El VII Congreso abogó por la necesidad de ampliar el frente único del proletariado a las masas campesinas y de la pequeña burguesía urbana a fin de aislar a los sectores reaccionarios, acabar con el fascismo y crear así las condiciones para la toma del poder por parte del proletariado. Se trataba, pues, de una táctica defensiva, de acumulación de fuerzas, a la espera de una situación interna e internacional más favorable que permitiese a las masas obreras tomar la iniciativa y pasar a la ofensiva. En el caso de los países coloniales y semicoloniales, la alianza del proletariado con otras fuerzas populares tomaba el carácter de un frente popular antiimperialista (110).
Con el respaldo del VII Congreso, la actividad del Partido recibió un fuerte impulso. Las masas hicieron suyas las consignas unitarias comunistas, obligando al Partido Socialista a estrechar relaciones con el PCE y a llegar a un acuerdo para realizar un pacto electoral antifascista con los partidos republicanos de izquierda.
El anuncio de elecciones para el 16 de febrero de 1936 precipitó las gestiones que se venían realizando con los partidos burgueses de izquierda para llegar a una coalición electoral. Las negociaciones fueron laboriosas (111). Para facilitar su culminación el PCE tuvo que hacer importantes concesiones tanto en la asignación de las candidaturas como en cuanto al programa, pues lógicamente los partidos burgueses no iban a apoyar un programa que conducía a la hegemonía del proletariado en la revolución democrática. A ello también contribuyó la concepción errónea del frente único que había adoptado el Partido, que le llevaba a subestimar su propia fuerza e influencia. Pese a todo, en el programa electoral se recogían algunas reivindicaciones muy sentidas por los trabajadores, como la amnistía. Finalmente, el 15 de enero de 1936, se firmaba oficialmente el Pacto del Bloque Popular, que en Cataluña se haría unos días más tarde, adoptando el nombre de Front d'Esquerres.
Como señalaba José Díaz, dicho Pacto no era aún un verdadero frente amplio de lucha antifascista [...] que tenga por fuerza-guía a la clase obrera y por garantía el frente único proletario [...] sino una especie de coalición electoral de las fuerzas obreras y republicanas de izquierda (112). A excepción de los comunistas, los demás partidos no aspiraban a otra cosa por razones evidentes. Pero, con el mismo se sentaban las bases para avanzar hacia dicho Frente. De ahí que el Partido Comunista insistiera en la trascendencia de las elecciones, manifestando que no se trataba como otras veces, de una simple contienda electoral, sino de un episodio clave en la lucha entre la reacción y las fuerzas revolucionarias en la perspectiva de la lucha por el poder. Por eso, justamente, en ese momento había que participar en las elecciones y no vacilar en establecer acuerdos o compromisos con los líderes socialistas y republicanos de izquierda.

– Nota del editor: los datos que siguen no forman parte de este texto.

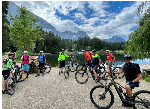
Herrlich am Völser Weiher
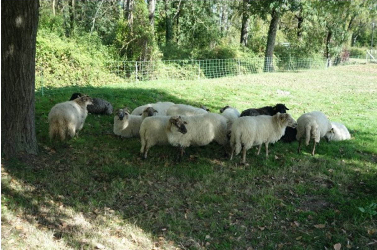
Figure 6 : Sous le saule pleureur et protégé par les barrières mobiles, le troupeau bien entretenu de moutons landais. © Rémy Bercovitz, 18 octobre 2021

Faisons également l'hypothèse que la « cohabitation entre les hommes et les animaux 18 » a été favorisée par la bonne tenue du troupeau (Figure 6). Les animaux sont en bonne santé et « bien gras 19 ». Ils présentent une laine propre et ne semblent manquer de rien. Le bien-être animal constitue à n'en pas douter un facteur clef d'acceptation de ces nouveaux venus.

El 16 de febrero las candidaturas del Bloque Popular se alzaron con el triunfo frente al Bloque Nacional, asestándole un duro golpe a las fuerzas fascistas que vieron así cortado su acceso al poder por la vía parlamentaria. Esta victoria no hubiese sido posible sin la labor orientadora del Partido Comunista y sin la insurrección de Octubre de 1934 que debilitó a la reacción y forjó en la lucha la unidad e independencia de la clase obrera. Por eso el Partido fue el verdadero artífice de esta victoria popular con la que se abría un amplio cauce a la revolución.